Читать книгу The Sign of Four (Wisehouse Classics Edition - with original illustrations by Richard Gutschmidt) - Arthur Conan Doyle - Страница 9
ОглавлениеCHAPTER 4 THE STORY OF THE BALD-HEADED MAN
WE FOLLOWED THE INDIAN DOWN A SORDID AND COMMON PASSAGE, ill-lit and worse furnished, until he came to a door upon the right, which he threw open. A blaze of yellow light streamed out upon us, and in the centre of the glare there stood a small man with a very high head, a bristle of red hair all round the fringe of it, and a bald, shining scalp which shot out from among it like a mountain-peak from fir-trees. He writhed his hands together as he stood, and his features were in a perpetual jerk—now smiling, now scowling, but never for an instant in repose. Nature had given him a pendulous lip, and a too visible line of yellow and irregular teeth, which he strove feebly to conceal by constantly passing his hand over the lower part of his face. In spite of his obtrusive baldness he gave the impression of youth. In point of fact, he had just turned his thirtieth year.
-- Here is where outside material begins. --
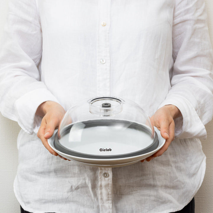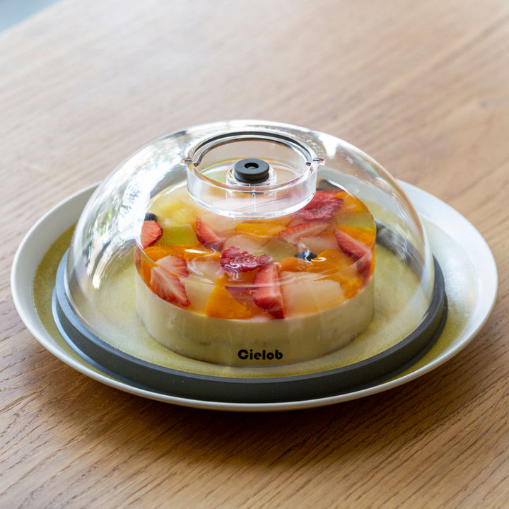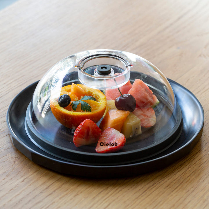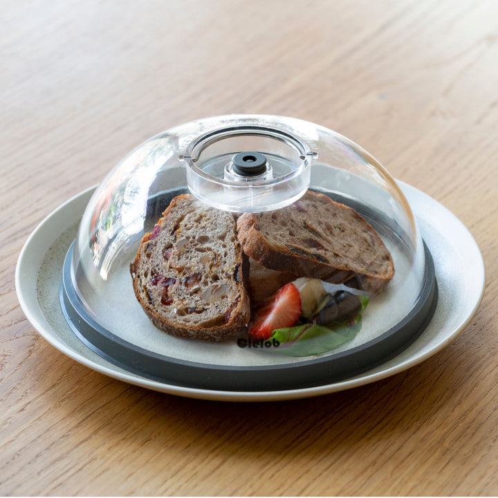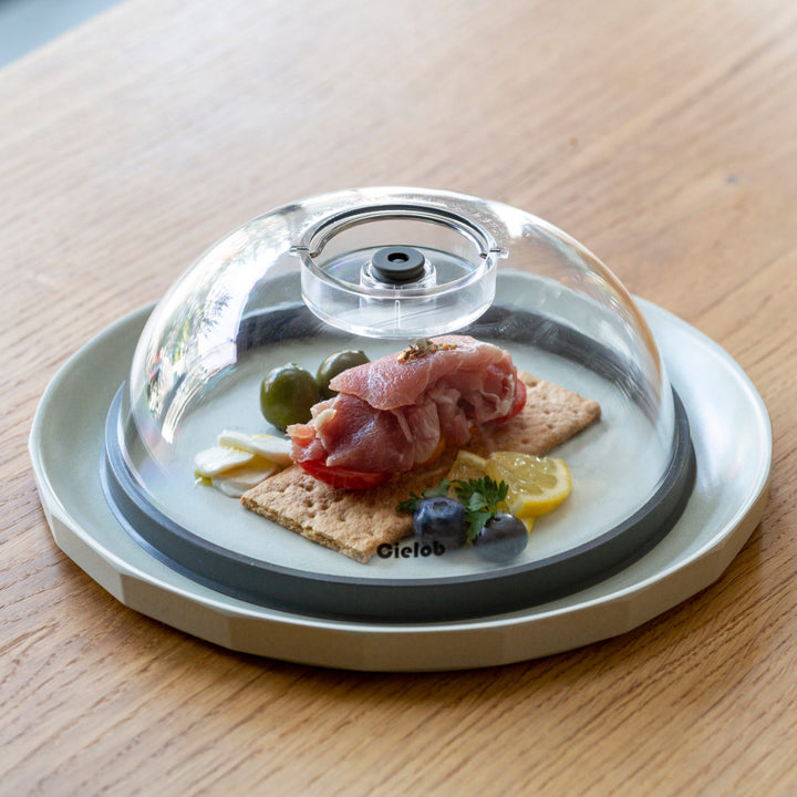 お料理にかぶせてバキュームポンプ(別売り)をセットし、電源ボタンを押すだけで、ポンプがプレートとキャップの中を真空状態に調整します。また開ける時は、真ん中のシリコンキャップを外して真空状態を解除し、取っ手を持って簡単に開けられます。
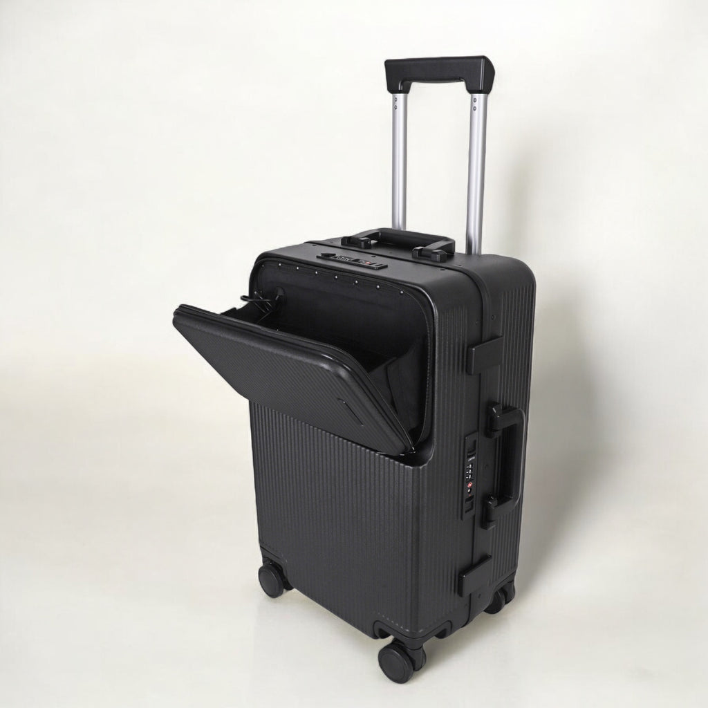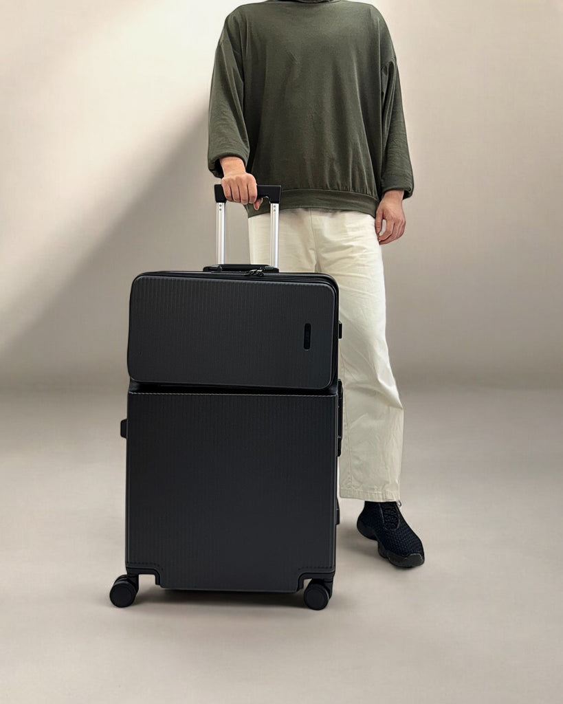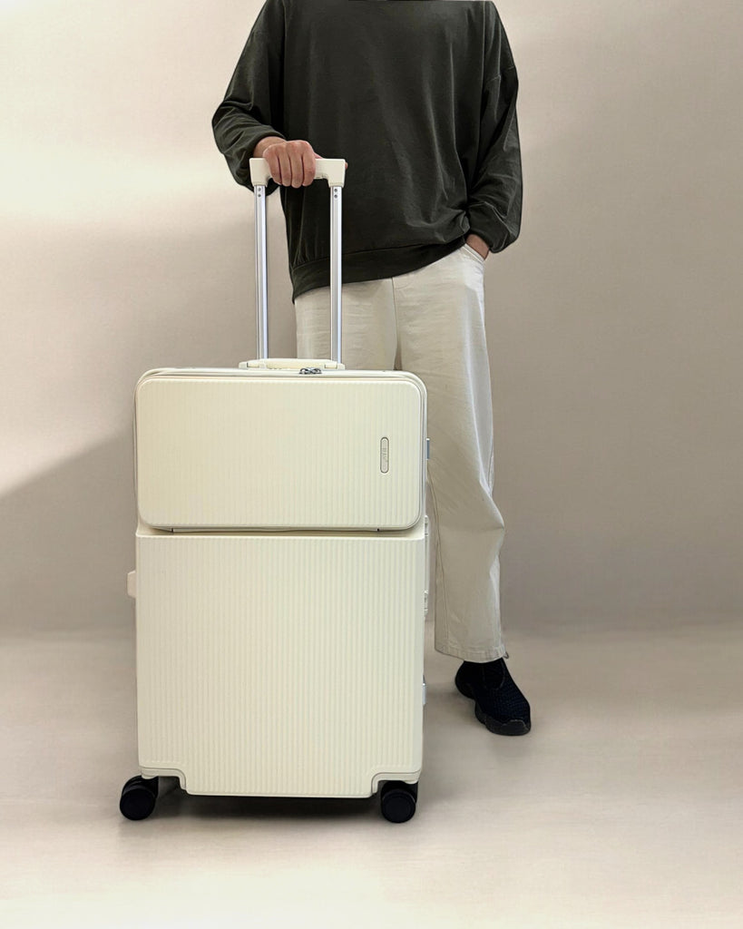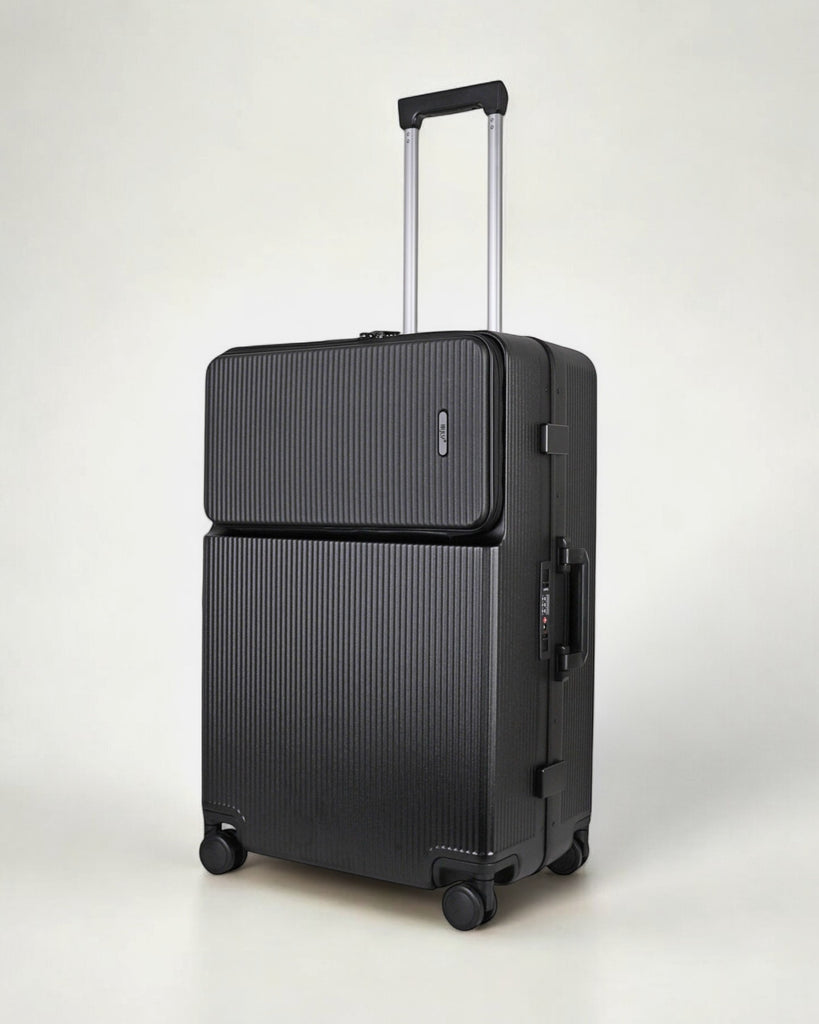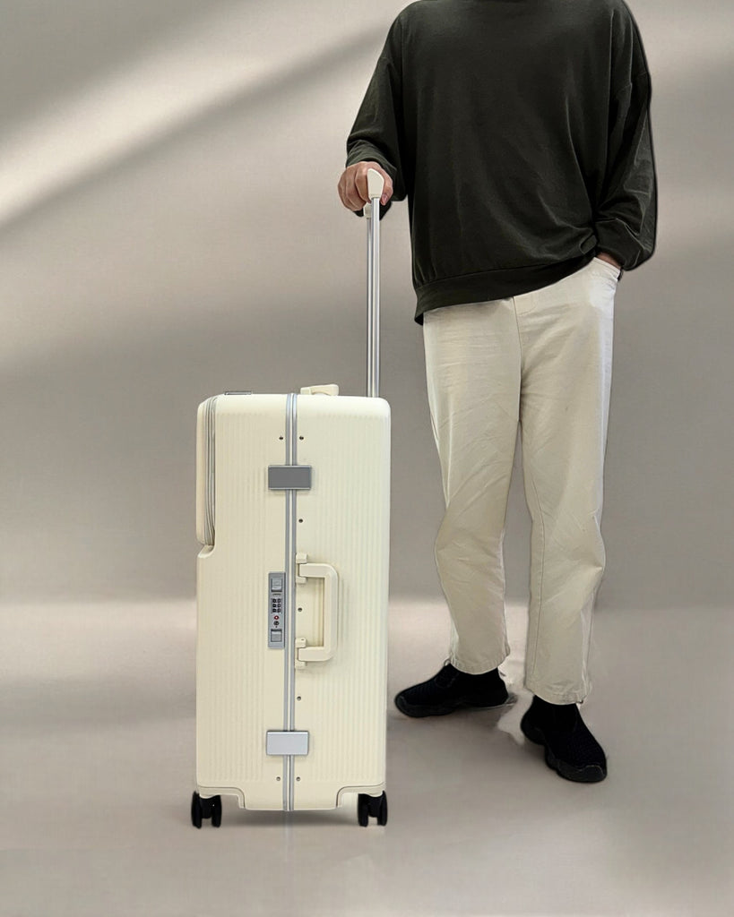 JLY Rövaan is a sophisticated, style-forward collection crafted for the modern traveler seeking intuitive design and elevated convenience. Blending contemporary aesthetics with cutting edge functionality, each case is equipped with thoughtful essentials including a built-in USB charging port, an integrated cup holder, and ultra smooth, ultra quiet precision engineered ball bearing spinner wheels for effortless maneuverability. A dedicated wet zone pocket keeps damp items separate from dry. Constructed from premium Costrovo™ 100% polycarbonate and lined with soft-touch peach skin fabric, the Rövaan delivers both durability and tactile luxury. Security is seamlessly integrated with a slide-button TSA clasp lock and a reinforced aluminum frame, offering peace of mind on every journey. Designed for a seamless packing experience and effortless mobility, Rövaan is more than luggage. It is travel, refined.

“Your servant, Miss Morstan,” he kept repeating in a thin, high voice. “Your servant, gentlemen. Pray step into my little sanctum. A small place, miss, but furnished to my own liking. An oasis of art in the howling desert of South London.”
We were all astonished by the appearance of the apartment into which he invited us. In that sorry house it looked as out of place as a diamond of the first water in a setting of brass. The richest and glossiest of curtains and tapestries draped the walls, looped back here and there to expose some richly mounted painting or Oriental vase. The carpet was of amber and black, so soft and so thick that the foot sank pleasantly into it, as into a bed of moss. Two great tiger-skins thrown athwart it increased the suggestion of Eastern luxury, as did a huge hookah which stood upon a mat in the corner. A lamp in the fashion of a silver dove was hung from an almost invisible golden wire in the centre of the room. As it burned it filled the air with a subtle and aromatic odour.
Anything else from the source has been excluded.